Salvadorans may project stereotyped behavior observed in films on Asian-American Volunteers (the “Kung Fu Syndrome”). In El Salvador, Asian Americans are often identified by their cultural heritage, not by their American citizenship. Asians are collectively labeled as chinos regardless of their particular ethnic background. Current or historical host-country involvement with Asian countries, or the presence of Asian merchants in the community, may have an impact on how Asian-American Volunteers are perceived. Asian Americans may not be accepted as North American.
Possible Issues for Senior Volunteers
Senior Volunteers are advised to designate a power of attorney to manage all financial matters during service prior to leaving for El Salvador. It is important that senior Volunteers be aware of possible issues of inclusion and acceptance among Volunteer peers. Others in the Peace Corps community may have little understanding of or respect for the lives and experiences of senior Americans. Seniors may not share social or recreational interests and may not receive the personal support they desire from younger Volunteers. As a result, senior Volunteers may not feel comfortable sharing personal, sexual, or health concerns. On the other hand, they may find that younger Volunteers look to them for advice and support. Some senior Volunteers find this a very enjoyable part of their experience, while others choose not to fill this role.

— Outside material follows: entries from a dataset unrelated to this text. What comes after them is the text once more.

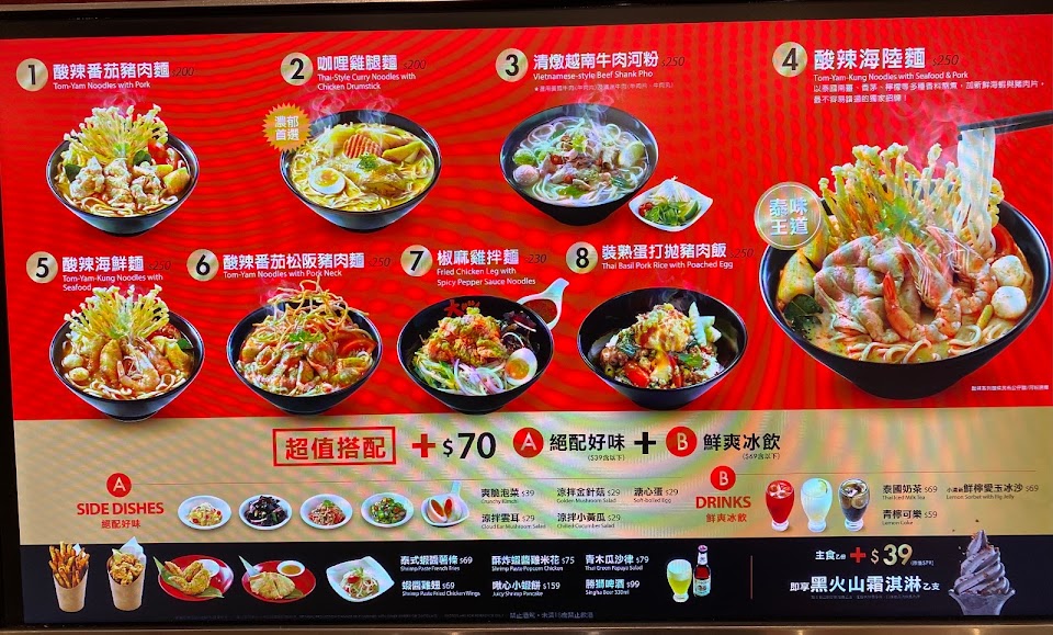 路過看到是瓦城餐飲旗下另一品牌。大心泰式。好奇心驅使下和品牌的認可進了門去踩點。嚇到我了。這自助式的方式讓我覺得我是在美食街吃東西。蠻有創意的。來泰式當然點了泰式的酸辣海鮮麵。光擺盤絕對價值260元。湯頭好喝。又點了椒麻雞拌麵。這道我是完全被辣趴了,也鹹怕了。吃完餐到公司第一件事居然是跑廁所。還是很急很急的那種。沒下次了。
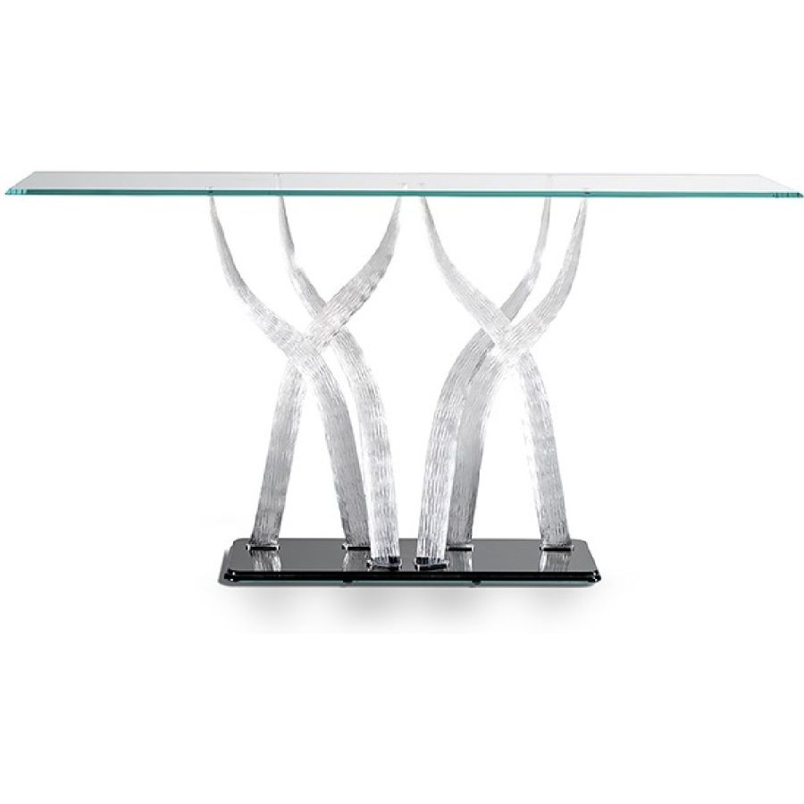 Console with base in transparent or pure gold Murano glass elements and plinth in black glass. Top in extra clear glass 12 mm thick with 45° bevel.;
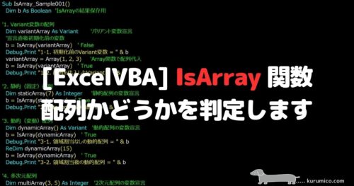 Excel VBA の IsArray 関数は、引数に指定した変数が配列かどうかを判定し結果を Boolean値で返します。
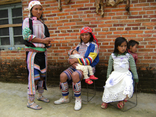 相對來說,男子服飾除包黑色包頭上沒有什么特別。但喜歡紋身,其中多數(shù)在胸脯刺牛頭,手腕刺鳥,腿上刺山林圖案。外出,常挎花布袋,佩戴長刀或火槍,給人以雄壯威武之感。
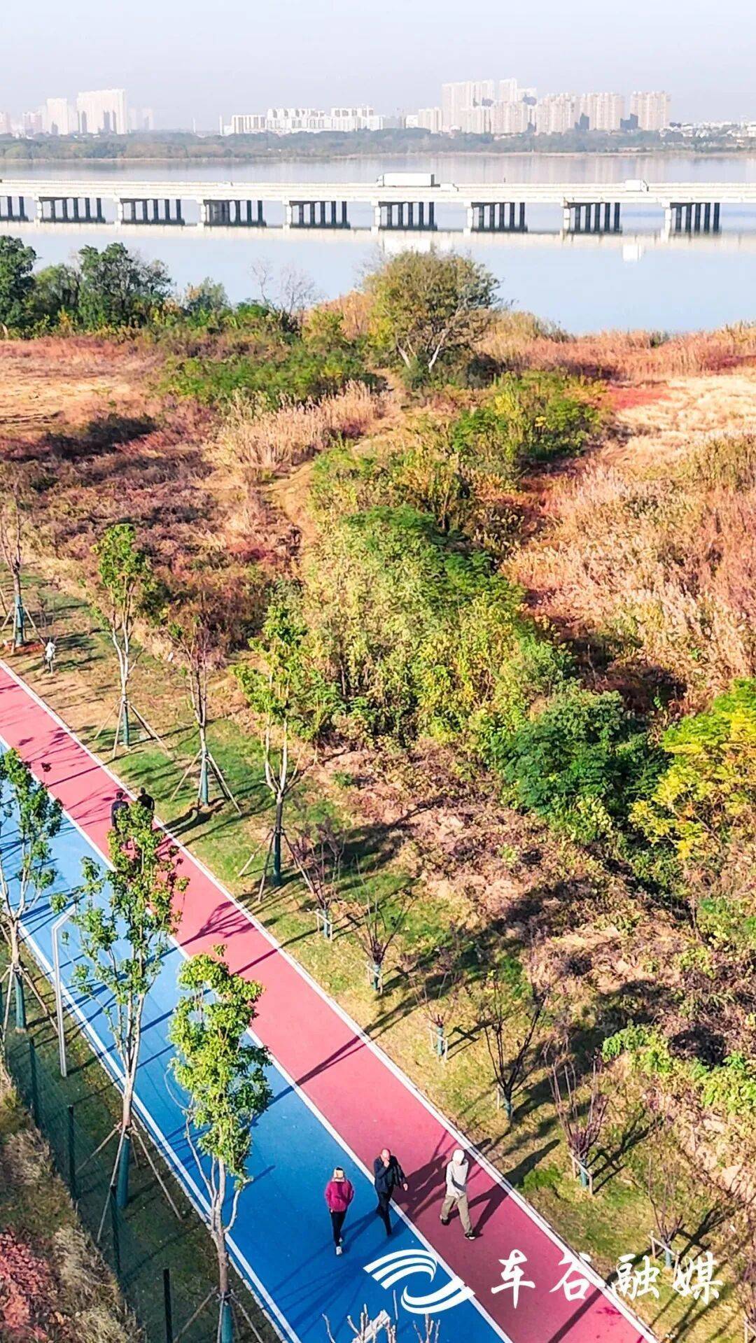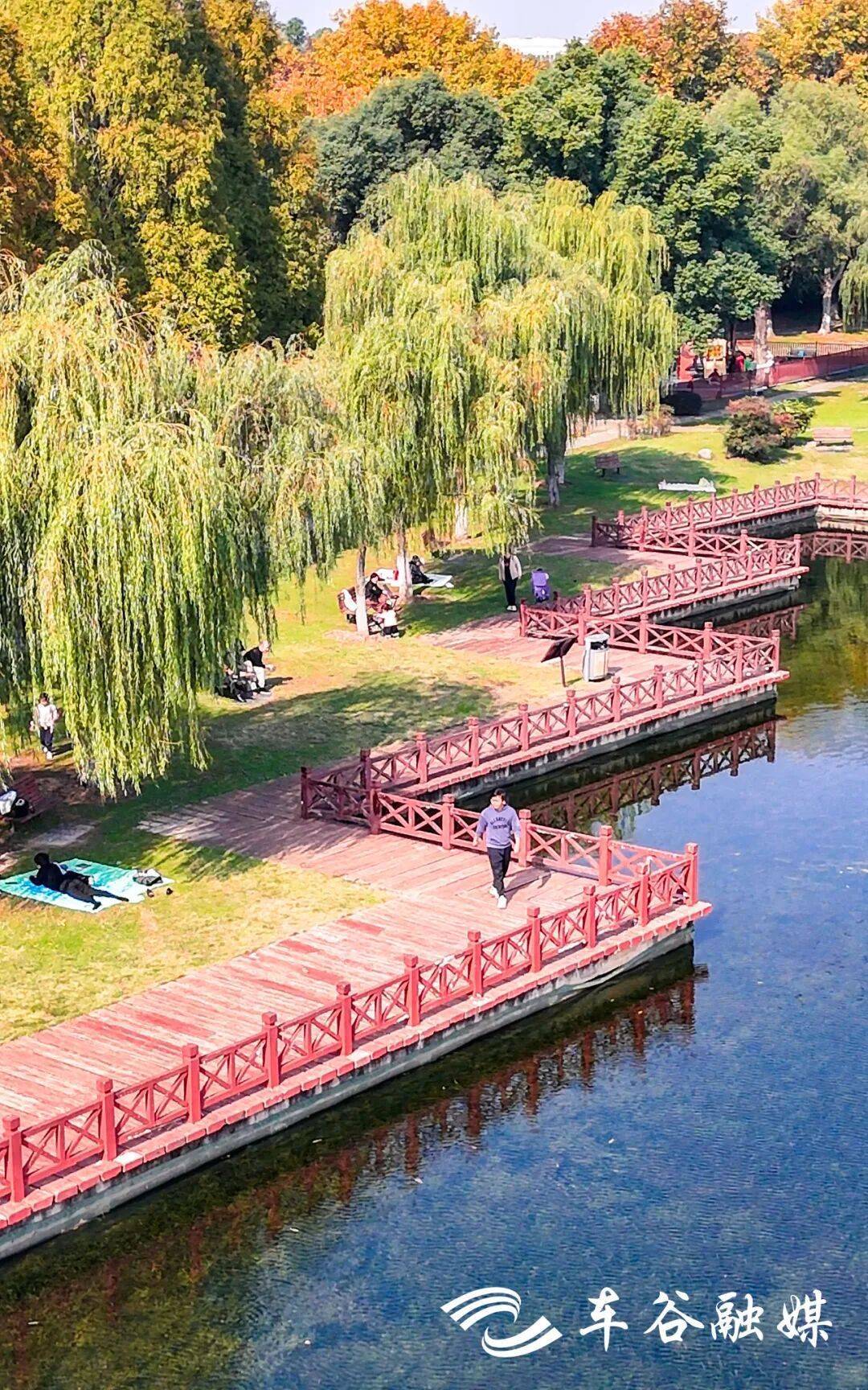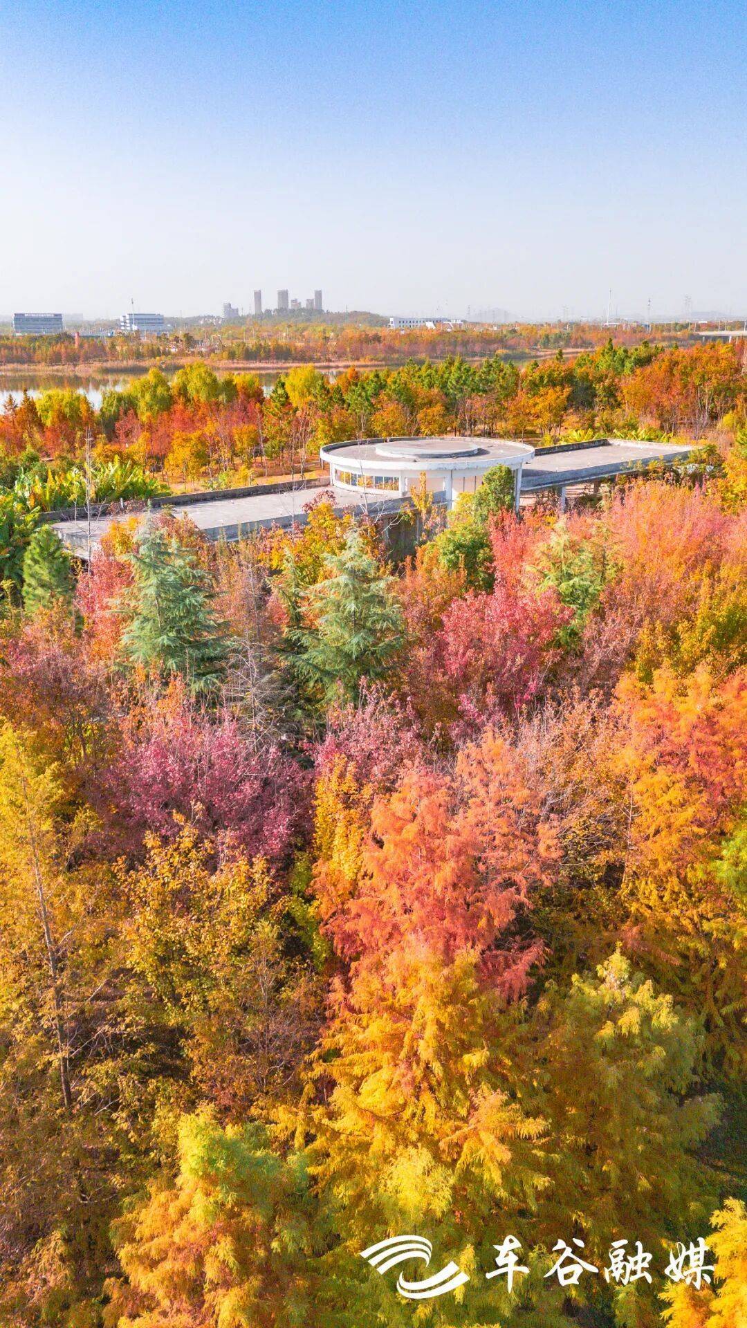 蓝色湖心逐渐晕开岸边的“橙黄橘绿”
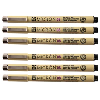 Pigma Micron pens are waterproof and permanent fineliners that are loyally used by designers, scientists, archivists, architects, Manga artists, cartoonists, illustrators and hobbyists. The fine nib makes this pen ideal for creating both technical and artistic drawings. The fineliners have a protective metal sleeve around the extended tip to give extra control and increased resilience when used with drawing aids such as rulers. This permanent, fade resistant, chemically stable, pigment-based ink will not bleed or run if liquids are spilled on or applied to the document after the ink has dried. Perfect for legal situations, Pigma ink is nearly impossible to alter on documents, in log books, or on checks. Architects, archivists, anthropologists, entomologists and laboratories depend on Pigma Micron for record keeping. Pigma Micron is the first disposable technical pen using archival pigmented ink. It does not smear, feather, or bleed through on most paper. Sold as a pack of 6. Specifications: Working temp.: 5°C - 40°C Ink type: Water-based pigment ink Size: 135 mm
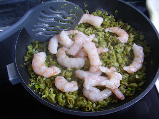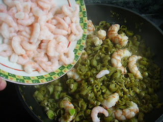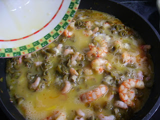 6.- Agregamos primero los gambones y dejamos cocer unos 3 minutos más y después ponemos las gambitas. Removemos para que coja sabor y esperamos a que evapore el jugo que sueltan.
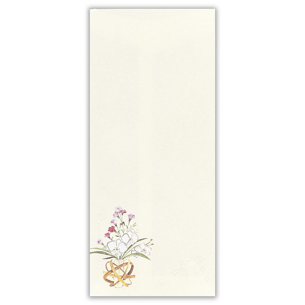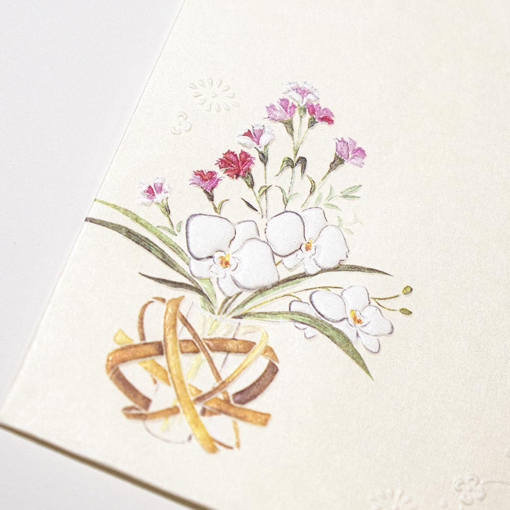 立体感のあるエンボス加工と描かれた花が美しい和紙封筒です。 花器に入った胡蝶蘭と差し色の撫子のコントラストが上品さを引き立てます。
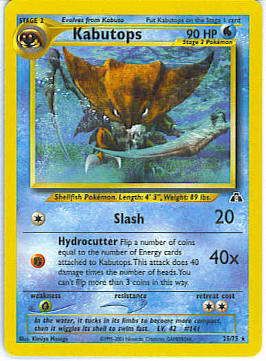 [F] Hydrocutter (40x) Flip a number of coins equal to the number of Energy cards attached to Kabutops. This attack does 40 times the number of heads. You can't flips more than 3 coins in this way.

Because of the cultural standards, senior Volunteers may command more respect from Salvadorans than younger Volunteers.
Senior Volunteers may need to be assertive in developing an effective individual approach to language learning. Also, where great variety in site placement exists, Peace Corps staff and senior Volunteers need to collaborate to identify those sites most appropriate for single or married older Volunteers.
Possible Issues for Gay, Lesbian, or Bisexual Volunteers
Homosexuality is considered immoral according to local norms in El Salvador. AIDS (SIDA in Spanish) is a critical issue in many countries. Volunteers need to be aware that there has been a backlash against gay American men for supposedly bringing the disease to Latin America. Styles for hair, earrings on men, certain mannerisms, and clothes that are acceptable in the United States may be highly suspect in some communities. In El Salvador, some civil liberties are often nonexistent or ignored; homosexuals may be hassled in bars on in the streets.
Some Volunteers find the Peace Corps to be a “coming out” experience, while others find it a “going back into the closet” one. Volunteers generally choose not to be “out” in their communities, but may be “out” to certain individuals with whom they have built trusting relationships. You may serve for two years without meeting another gay Volunteer. Straight Volunteers and staff may not be able to give needed support. Like most Volunteers, you may have difficulties with the machismo in El Salvador. Lesbian and bisexual women should be prepared to field questions regarding boyfriends, marriage, and sex. Likewise, gay and bisexual men will be asked about girlfriends, and may find themselves in situations where men brag about female conquests, objectify women, and catcall. It is a good idea to start formulating personal strategies to deal with these potentially awkward moments.